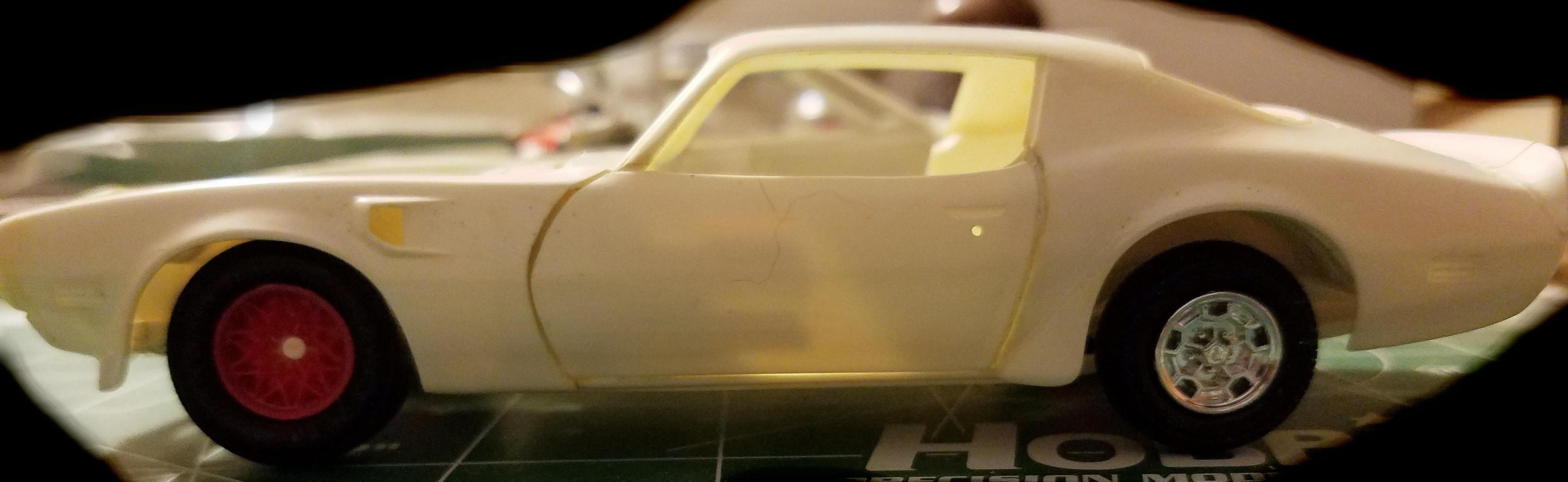 Atlantis Models has bought another lot of tooling/molds.....blunc replied to Dave Van's topic in Car Kit News & Reviews I own all versions of these Monogram 1/32 kits, I've opened all versions, they all have the exact same size tires, even the Ford EXP kit. The wheels are all the same diameter that fit into the tires which are all the same size. That being said, a few of the bodies will look just fine with the smaller tires/wheels (Nova, Ford EXP), the rest of them (IMHO) will not look like they are filling the wheel opening of the car. (see below) This is a photo of the 71 TA, the chrome honeycomb wheel rear wheel/tire is from the kit placed/assembled in the kit location, the front is a snowflake wheel/tire from a 79 TA snap kit. My "opinion" is that the kit wheel/tire is too small for the wheel opening, so I will be dressing up the snowflake wheels for this build.
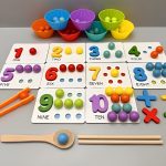 Lazdelės ir šaukštai stiprina suėmimą bei rankų ir akių koordinaciją, kai karoliukai judinami ir rūšiuojami.
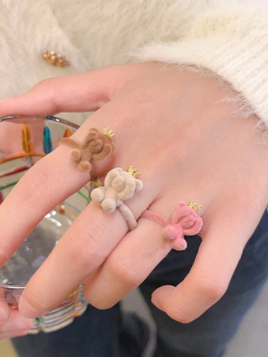 1pc Fashion Cute Cartoon Funny Bear Fuzz Adjustable Ring
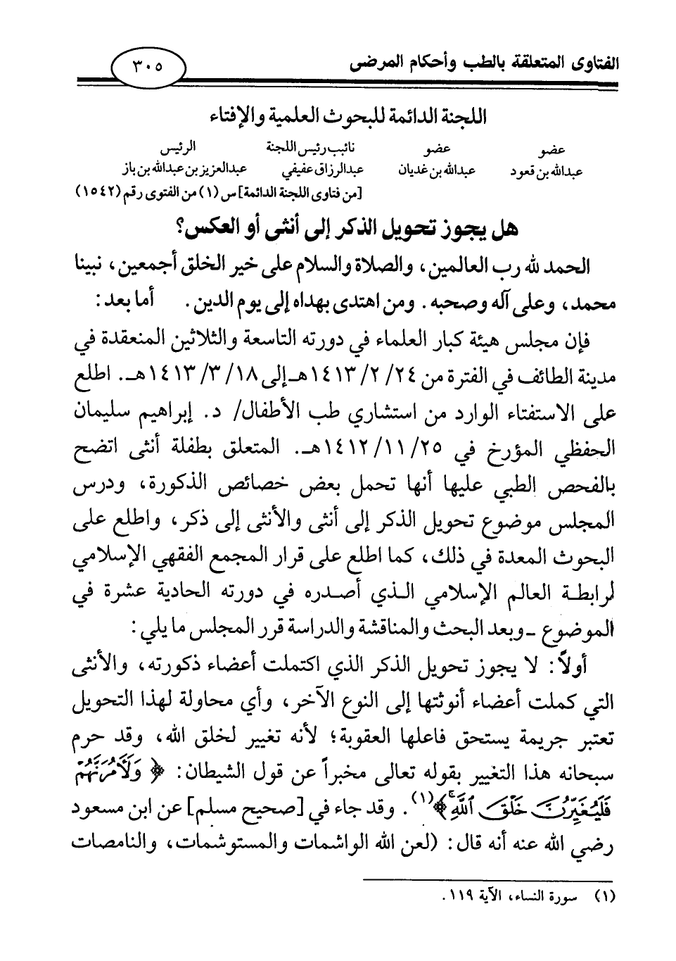 فإن مجلس هيئة كبار العلماء في دورته التاسعة والثلاثين المنعقدة في مدينة الطائف في الفترة من 24 \ 2 \ 1413 هـ إلى 18 \ 3 \ 1413 هـ. اطلع على الاستفتاء الوارد من استشاري طب الأطفال /د. إبراهيم سليمان الحفظي المؤرخ في 25 \ 11 \ 1412 هـ. المتعلق بطفلة أنثى اتضح بالفحص الطبي عليها أنها تحمل بعض خصائص الذكورة، ودرس المجلس موضوع تحويل الذكر إلى أنثى والأنثى إلى ذكر واطلع على البحوث المعدة في ذلك، كما اطلع على قرار المجمع الفقهي الإسلامي لرابطة العالم الإسلامي الذي أصدره في دورته الحادية عشرة في الموضوع - وبعد البحث والمناقشة والدراسة قرر المجلس ما يلي:
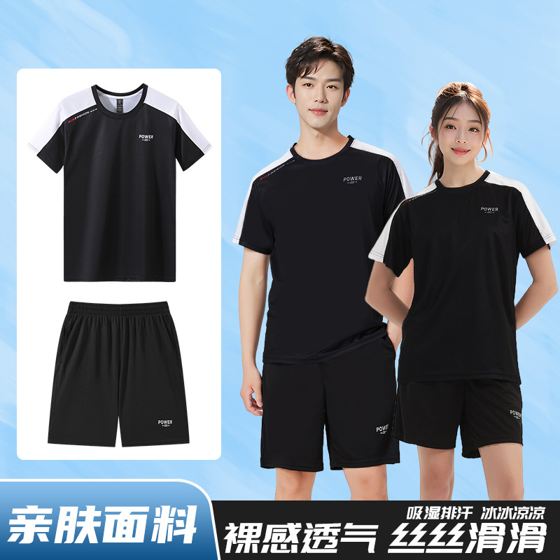 玛尔斯 运动套装跑步服 男女同款 8808 黑色 男女健身衣服 骑行训练晨跑服 春夏冰丝速干T恤透气速干 零感面料 运动套装跑步服 男女同款 8808 黑色

---*---

- Work item -
No pictures belong in the output. Restate word for word only the lines from the one containing "1pc Fashion Cute" to the end of the entries above.

- Output -
 1pc Fashion Cute Cartoon Funny Bear Fuzz Adjustable Ring
 فإن مجلس هيئة كبار العلماء في دورته التاسعة والثلاثين المنعقدة في مدينة الطائف في الفترة من 24 \ 2 \ 1413 هـ إلى 18 \ 3 \ 1413 هـ. اطلع على الاستفتاء الوارد من استشاري طب الأطفال /د. إبراهيم سليمان الحفظي المؤرخ في 25 \ 11 \ 1412 هـ. المتعلق بطفلة أنثى اتضح بالفحص الطبي عليها أنها تحمل بعض خصائص الذكورة، ودرس المجلس موضوع تحويل الذكر إلى أنثى والأنثى إلى ذكر واطلع على البحوث المعدة في ذلك، كما اطلع على قرار المجمع الفقهي الإسلامي لرابطة العالم الإسلامي الذي أصدره في دورته الحادية عشرة في الموضوع - وبعد البحث والمناقشة والدراسة قرر المجلس ما يلي:
 玛尔斯 运动套装跑步服 男女同款 8808 黑色 男女健身衣服 骑行训练晨跑服 春夏冰丝速干T恤透气速干 零感面料 运动套装跑步服 男女同款 8808 黑色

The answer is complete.